Article Preview
Top1. Introduction
Linked data provides a universal paradigm for publishing and sharing structural knowledge on the web. The adoption of the Linked Data best practices has led to the extension of the Web with a global data space connecting data from diverse domains. From these data, an important knowledge we can discover is the explicit or hidden relationship among multiple objects, which is terminologically named as Semantic Association. An early statement of semantic association can be found in (Aleman-meza, Halaschek, Arpinar, & Sheth, 2003), in which Semantic Associations were defined as paths connecting two objects. Discussions of Semantic Associations in linked data have lasted for more than ten years. Researchers have proposed different association models, from path model (Pirrò, 2015) to sub-graph model (Xiang Zhang, Zhao, & Wang, 2012), (Cheng, Liu, & Qu, 2016), from associations between object pairs (Fang, Sarma, Yu, & Bohannon, 2011) to associations among multiple objects (Chen, C., Wang, G., Liu, H., Xin, J., Yuan, 2011). Various mining approaches have been proposed based on these models. Discovering and utilizing Semantic Associations in Linked Data has found many applications in diverse fields, such as to detect potential terrorists in the field of national security (Sheth et al., 2005), to help understand relations between diseases and side effect in the field of drug discovery (Wild et al., 2011), or to rank biomedical resources in the field of gene analysis (Makita et al., 2013). For the utilization of Semantic Association in different fields, it requires an effective and efficient way to retrieve Semantic Associations based on users’ information need.

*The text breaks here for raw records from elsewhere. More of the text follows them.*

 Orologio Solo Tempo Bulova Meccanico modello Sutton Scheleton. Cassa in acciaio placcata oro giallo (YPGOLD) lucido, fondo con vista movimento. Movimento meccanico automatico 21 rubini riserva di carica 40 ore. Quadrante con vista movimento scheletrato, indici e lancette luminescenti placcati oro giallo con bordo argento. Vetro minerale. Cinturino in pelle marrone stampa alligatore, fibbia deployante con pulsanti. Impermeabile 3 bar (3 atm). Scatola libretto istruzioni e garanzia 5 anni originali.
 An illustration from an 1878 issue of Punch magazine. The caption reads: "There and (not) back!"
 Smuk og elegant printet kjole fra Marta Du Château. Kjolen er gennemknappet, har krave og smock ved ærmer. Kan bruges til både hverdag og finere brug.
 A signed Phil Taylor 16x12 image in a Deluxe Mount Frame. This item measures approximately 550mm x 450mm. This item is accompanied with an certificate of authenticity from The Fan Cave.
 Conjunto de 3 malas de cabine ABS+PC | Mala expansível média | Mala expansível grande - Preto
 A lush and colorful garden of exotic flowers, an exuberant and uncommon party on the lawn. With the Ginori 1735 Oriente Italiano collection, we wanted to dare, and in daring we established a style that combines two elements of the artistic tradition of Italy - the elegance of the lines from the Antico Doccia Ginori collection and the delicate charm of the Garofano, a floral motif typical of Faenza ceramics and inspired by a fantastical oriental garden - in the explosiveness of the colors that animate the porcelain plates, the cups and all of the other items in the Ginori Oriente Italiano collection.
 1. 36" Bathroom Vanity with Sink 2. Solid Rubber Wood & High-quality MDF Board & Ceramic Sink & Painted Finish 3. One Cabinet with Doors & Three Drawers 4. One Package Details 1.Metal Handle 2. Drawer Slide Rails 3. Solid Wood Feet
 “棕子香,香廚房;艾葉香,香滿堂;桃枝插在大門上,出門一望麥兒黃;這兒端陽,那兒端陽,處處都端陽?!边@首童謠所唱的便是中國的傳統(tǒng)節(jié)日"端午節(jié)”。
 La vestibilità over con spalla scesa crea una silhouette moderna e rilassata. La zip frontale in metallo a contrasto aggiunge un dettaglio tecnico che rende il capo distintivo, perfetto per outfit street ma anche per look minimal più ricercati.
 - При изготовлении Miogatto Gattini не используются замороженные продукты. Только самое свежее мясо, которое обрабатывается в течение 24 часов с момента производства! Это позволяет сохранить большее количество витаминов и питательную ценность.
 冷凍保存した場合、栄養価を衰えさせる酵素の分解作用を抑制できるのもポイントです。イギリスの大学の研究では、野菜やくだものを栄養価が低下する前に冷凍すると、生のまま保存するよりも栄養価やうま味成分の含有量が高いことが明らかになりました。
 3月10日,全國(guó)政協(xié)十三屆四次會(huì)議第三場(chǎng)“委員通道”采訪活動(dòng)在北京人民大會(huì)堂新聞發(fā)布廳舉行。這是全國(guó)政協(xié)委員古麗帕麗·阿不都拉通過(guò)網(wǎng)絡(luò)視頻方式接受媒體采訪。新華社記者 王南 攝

A Semantic Association is a combination of textual information (localnames and annotations of objects) and structural information (group relationship among objects). Textual information of objects can be extracted, and textual search enables the possibility of finding relevant associations using keywords. People can find associations through an interface similar to a web search. While this approach is simple and intuitive, it ignores the structural information in associations, which possibly lead to massive irrelevant search results. When looking for an association, the users’ need is usually structured. For the typical scenario in Figure 1, when someone searches associations matching “Tim Berners-Lee, Chris Bizer and Tom Heath”, he actually expects that exactly three related objects are hit and there will be meaningful associations connecting these objects. The answer of this search is an association indicating that these researchers (in red font in Figure 1) used to co-author a paper “Linked Data – The Story So Far” (Bizer, Heath, & Berners-Lee, 2009), which was published on IJSWIS. This is different from the basic idea of web search, where keywords can hit anywhere in a page, and no relation will be considered among keywords. The simple textual search would become ineffective if it cannot capture the structure information in the search.
Besides, the ever-increasing volume of Linked Data becomes a great challenge to association search. Large-scale Linked Data, such as DBpedia1 or YAGO2 knowledge graph contains tens of millions to billions of triples. Enormous objects have been defined in these data, and the number of associations discovered in these data will explode exponentially in amount. A structural search will become inefficient and will have unacceptable response time when it works on Semantic Associations discovered in Large-scale Linked Data. For example, there are nearly 6 million objects contained in DBpedia. Even with the rigorous limitation set in our experiments, we still discover more than 60 million associations. An association search considering both textual and structural information on this huge dataset is hard to satisfy the efficiency requirement of users.